Without further delay, let’s dive in…

More Funding for Graph Database Developer Neo

Neo Technology, creators of Neo4j, announced this week that it has raised $11 million in Series B funding.

The round, led by Sunstone Capital, brings the total amount raised by Neo Technology to more than $24 million. The investment will be used to fuel product development, meet the needs of Neo’s expanding customer base, and to deliver on the company’s vision for mass adoption of graph databases.

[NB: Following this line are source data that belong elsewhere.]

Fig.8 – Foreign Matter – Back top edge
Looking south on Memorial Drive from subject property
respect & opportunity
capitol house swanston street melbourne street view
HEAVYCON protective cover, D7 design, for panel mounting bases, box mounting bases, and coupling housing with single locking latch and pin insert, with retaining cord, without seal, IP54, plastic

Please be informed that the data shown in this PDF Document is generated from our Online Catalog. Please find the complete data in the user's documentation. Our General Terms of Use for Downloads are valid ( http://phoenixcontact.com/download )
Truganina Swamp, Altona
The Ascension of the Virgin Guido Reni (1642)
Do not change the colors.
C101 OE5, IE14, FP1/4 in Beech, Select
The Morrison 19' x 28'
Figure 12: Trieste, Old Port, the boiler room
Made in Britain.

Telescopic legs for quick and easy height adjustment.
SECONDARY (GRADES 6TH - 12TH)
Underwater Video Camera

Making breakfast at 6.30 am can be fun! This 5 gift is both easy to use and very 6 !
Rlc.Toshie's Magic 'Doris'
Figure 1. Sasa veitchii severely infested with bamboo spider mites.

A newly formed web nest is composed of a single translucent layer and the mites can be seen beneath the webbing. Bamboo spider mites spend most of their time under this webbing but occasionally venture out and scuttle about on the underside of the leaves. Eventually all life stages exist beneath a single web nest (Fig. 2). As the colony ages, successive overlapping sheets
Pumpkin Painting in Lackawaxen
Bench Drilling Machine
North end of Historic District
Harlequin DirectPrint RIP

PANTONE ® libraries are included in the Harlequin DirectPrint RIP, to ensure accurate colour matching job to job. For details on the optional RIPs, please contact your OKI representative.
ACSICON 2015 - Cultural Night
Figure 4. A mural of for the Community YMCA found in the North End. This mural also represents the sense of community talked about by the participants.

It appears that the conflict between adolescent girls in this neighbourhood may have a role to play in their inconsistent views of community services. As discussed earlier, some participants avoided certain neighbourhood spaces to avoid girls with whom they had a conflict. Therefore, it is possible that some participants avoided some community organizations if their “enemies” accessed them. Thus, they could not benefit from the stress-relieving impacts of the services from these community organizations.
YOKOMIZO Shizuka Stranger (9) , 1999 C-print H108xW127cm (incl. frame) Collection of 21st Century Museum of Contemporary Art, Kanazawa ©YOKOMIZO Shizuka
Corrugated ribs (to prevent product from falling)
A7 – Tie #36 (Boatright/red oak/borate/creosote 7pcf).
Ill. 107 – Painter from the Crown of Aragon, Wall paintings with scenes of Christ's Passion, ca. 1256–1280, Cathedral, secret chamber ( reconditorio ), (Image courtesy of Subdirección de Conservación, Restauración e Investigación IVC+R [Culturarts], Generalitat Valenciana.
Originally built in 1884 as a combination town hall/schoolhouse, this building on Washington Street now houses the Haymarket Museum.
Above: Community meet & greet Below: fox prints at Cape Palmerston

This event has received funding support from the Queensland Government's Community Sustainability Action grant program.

Some startups and emerging companies such as Squidoo, FiftyThree, GlassDoor, Teachscape, Gamesys, Viadeo, MoviePilot, InfoJobs, and Woozworld are using Neo4j to bring innovation to mobile and social applications.

The Neo4j Partner Graph is expanding by including leaders in NoSQL and graph database applications. New partners include HP, OpenCredo, Open Software Integrators, InfoClear, McKnight Consulting Group, Xnlogic, CodeCentric, Instil Software, JayWay, Lateral Thoughts, Morgner, SPP42, Xebia, Zenika, Centrum Systems, Readify, SpringSource, Heroku, Thoughtworks, and Capgemini.

Graph database and Neo4j users, including Intuit, ThoughtWorks, FiftyThree, Squidoo, Adobe, Telenor, and Cisco, will present at Neo Technology’s GraphConnect 2012 conference on November 5-6 in San Francisco.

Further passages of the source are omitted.